Stored data entries:

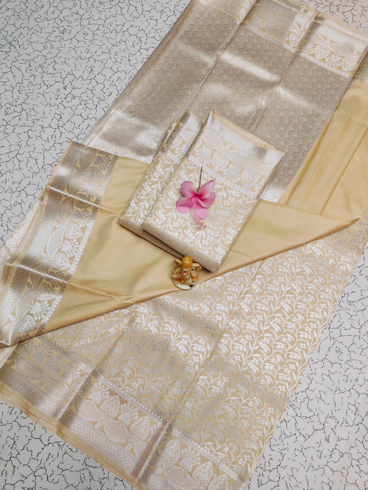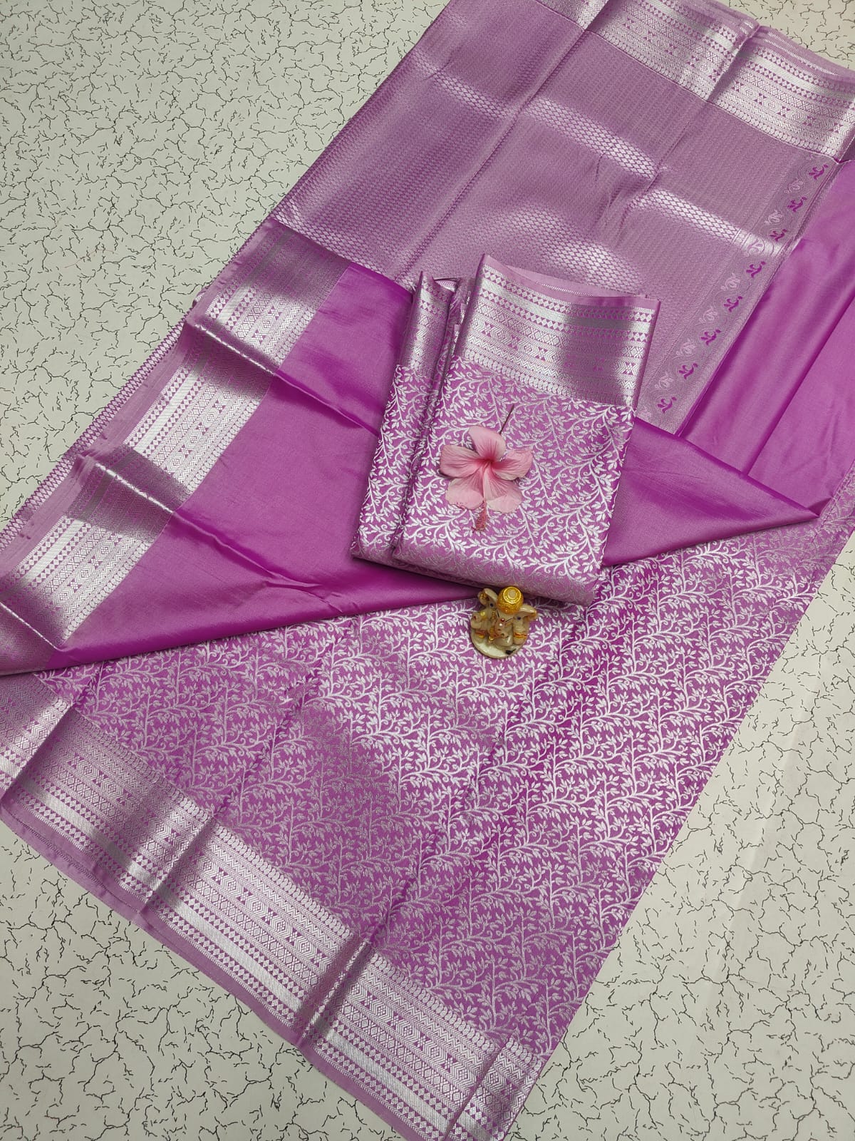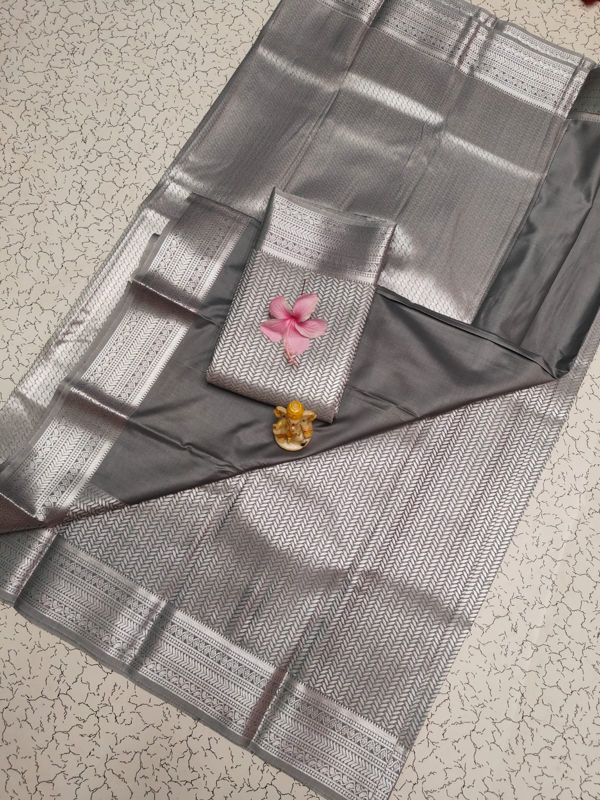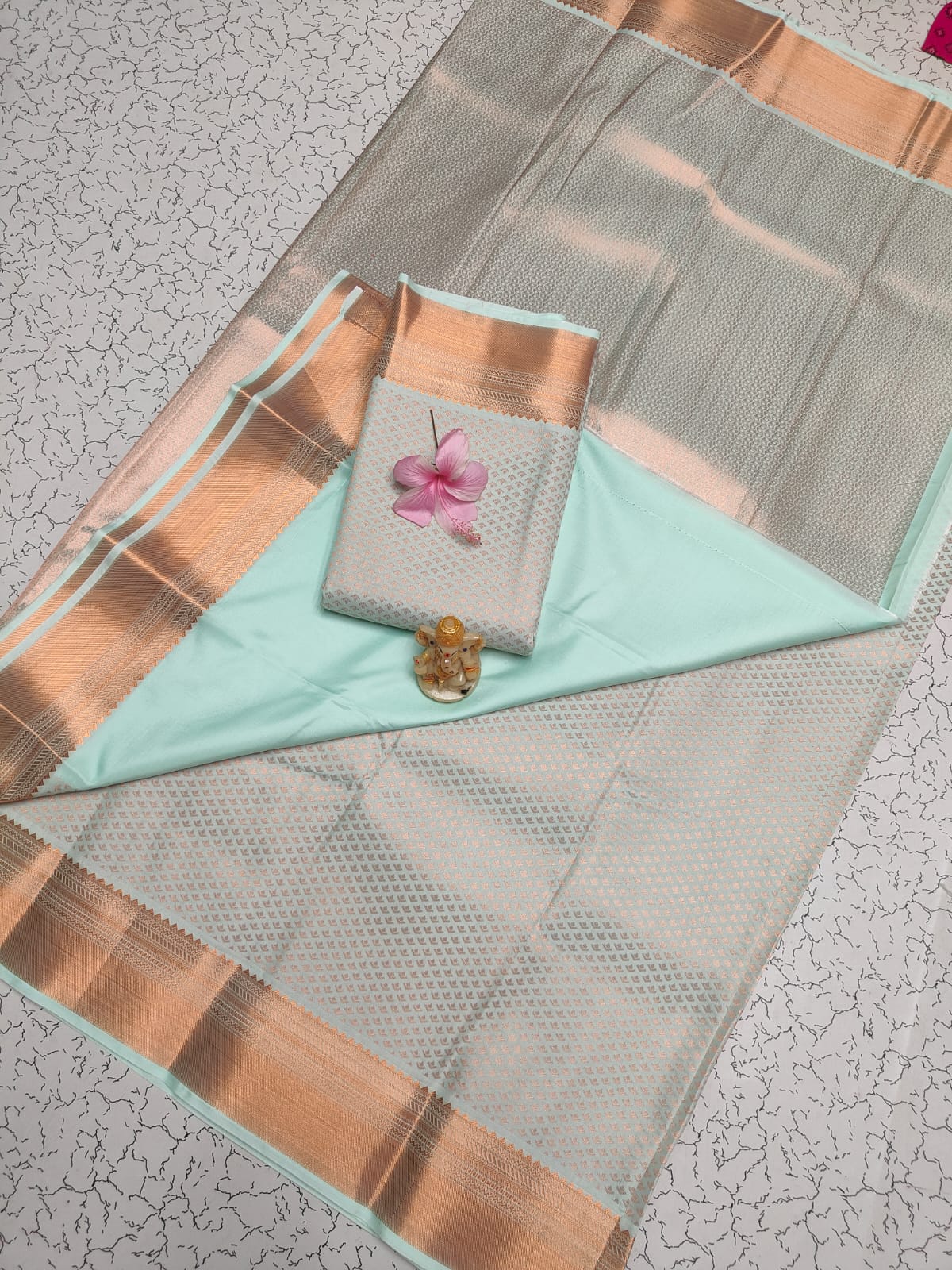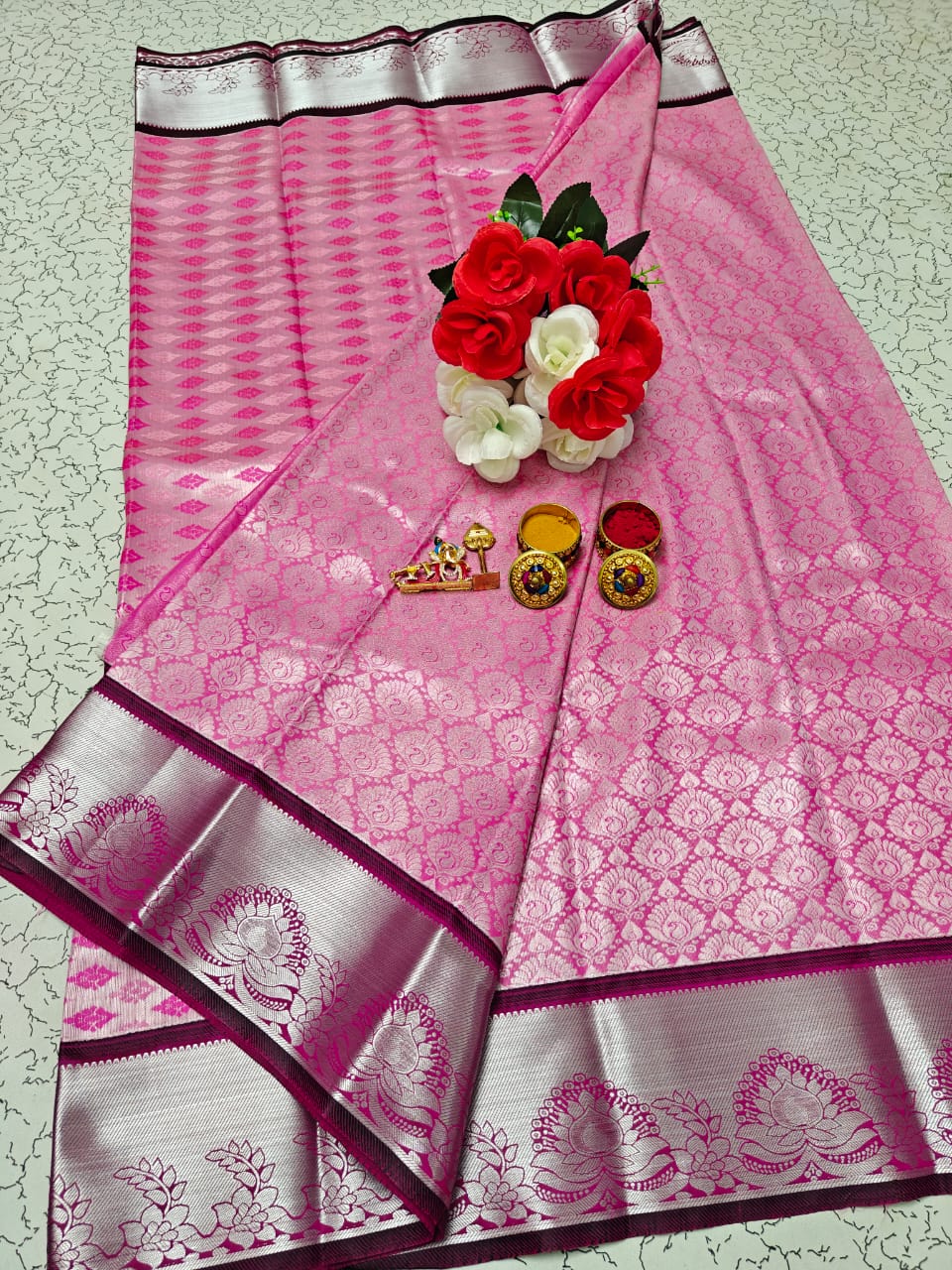 Elite Bridal Fancy Silk Saree crafted in pure bridal-grade silk with Samuthrika/Vasthrakala weave. Features a rich contrasting pallu, intricate gold-silver-copper zari, and comes with a matching 110 Karizma blouse.
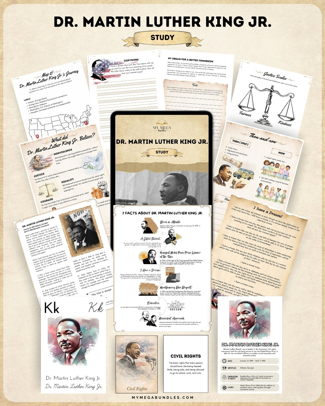 - Biography Page, Flash Card, and Info Card – Child-friendly introduction to MLK’s life.
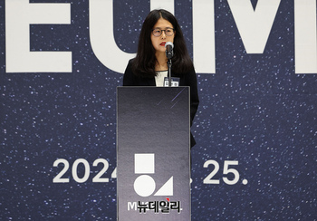김현정 뮤지엄엘 총괄디렉터가 25일 오전 인천 중구 상상플랫폼에 공식 오픈을 앞두고 열린 간담회 및 개관식에서 뮤지엄 소개를 하고 있다. 인천 상상플랫폼에 위치한 뮤지엄엘은 미디어아트와 순수미술, 이색·테마 등 다양한 장르의 전시를 한 자리에 만나볼 수 있는
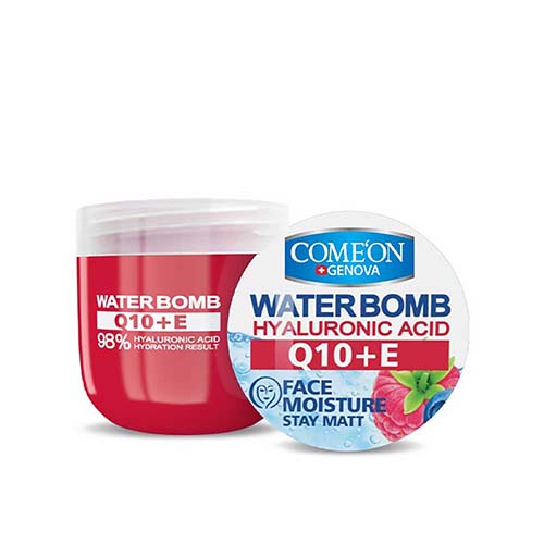 کرم آبرسان واتربمب حاوی کو آنزیم Q10 کامان comeon با دارا بودن هیالورونیک اسید باعث آبرسانی به پوست شده و رطوبت را در آن نگه می دارد. این محصول از بروز چین و چروک های پوستی جلوگیری کرده و علائم پیری زودرس را از بین می برد. این کرم مناسب انواع پوست است و چربی اضافه سطح پوست را تنظیم می کند.کرم واتر بمب به دلیل داشتن هیالورونیک اسید رطوبت پوست را به 98 درصد می رساند.
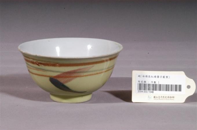 鵝黃地彩繪葉紋碗
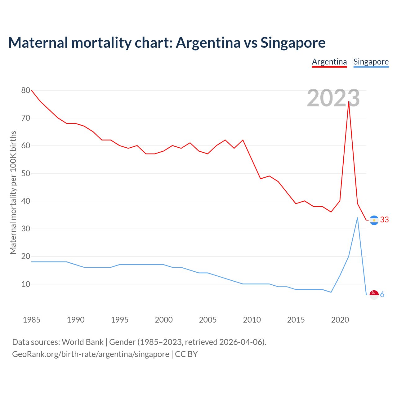 The maternal mortality rate, which is the probability of dying during childbirth or within 42 days of pregnancy termination, is 33 deaths per 100,000 live births in Argentina, compared to 6 deaths in Singapore.
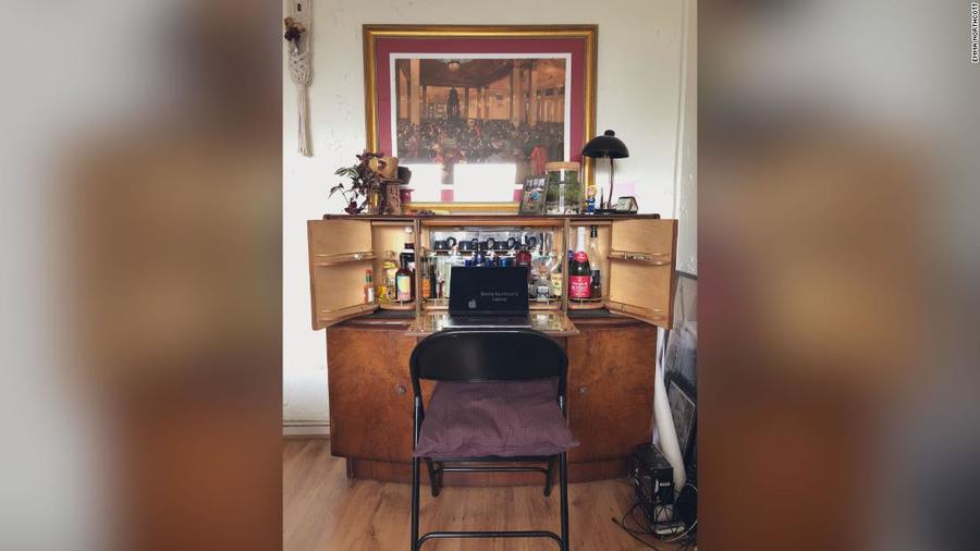 【台灣醒報記者施凱文綜合報導】防疫在家遠距工作沒空間?民眾打造「酒櫃辦公室」。居住在倫敦的諾斯科特最近把儲酒櫃的前擋打開,再拉出來一張椅子,馬上就打造一處舒適的「酒櫃辦公室」,也有民眾索性把燙衣板或長型洗衣籃搬到走廊角落,當桌子使用。

# TRY IT:
Without including any picture, repeat the data exactly.

# YOUR SOLUTION:
 Elite Bridal Fancy Silk Saree crafted in pure bridal-grade silk with Samuthrika/Vasthrakala weave. Features a rich contrasting pallu, intricate gold-silver-copper zari, and comes with a matching 110 Karizma blouse.
 - Biography Page, Flash Card, and Info Card – Child-friendly introduction to MLK’s life.
김현정 뮤지엄엘 총괄디렉터가 25일 오전 인천 중구 상상플랫폼에 공식 오픈을 앞두고 열린 간담회 및 개관식에서 뮤지엄 소개를 하고 있다. 인천 상상플랫폼에 위치한 뮤지엄엘은 미디어아트와 순수미술, 이색·테마 등 다양한 장르의 전시를 한 자리에 만나볼 수 있는
 کرم آبرسان واتربمب حاوی کو آنزیم Q10 کامان comeon با دارا بودن هیالورونیک اسید باعث آبرسانی به پوست شده و رطوبت را در آن نگه می دارد. این محصول از بروز چین و چروک های پوستی جلوگیری کرده و علائم پیری زودرس را از بین می برد. این کرم مناسب انواع پوست است و چربی اضافه سطح پوست را تنظیم می کند.کرم واتر بمب به دلیل داشتن هیالورونیک اسید رطوبت پوست را به 98 درصد می رساند.
 鵝黃地彩繪葉紋碗
 The maternal mortality rate, which is the probability of dying during childbirth or within 42 days of pregnancy termination, is 33 deaths per 100,000 live births in Argentina, compared to 6 deaths in Singapore.
 【台灣醒報記者施凱文綜合報導】防疫在家遠距工作沒空間?民眾打造「酒櫃辦公室」。居住在倫敦的諾斯科特最近把儲酒櫃的前擋打開,再拉出來一張椅子,馬上就打造一處舒適的「酒櫃辦公室」,也有民眾索性把燙衣板或長型洗衣籃搬到走廊角落,當桌子使用。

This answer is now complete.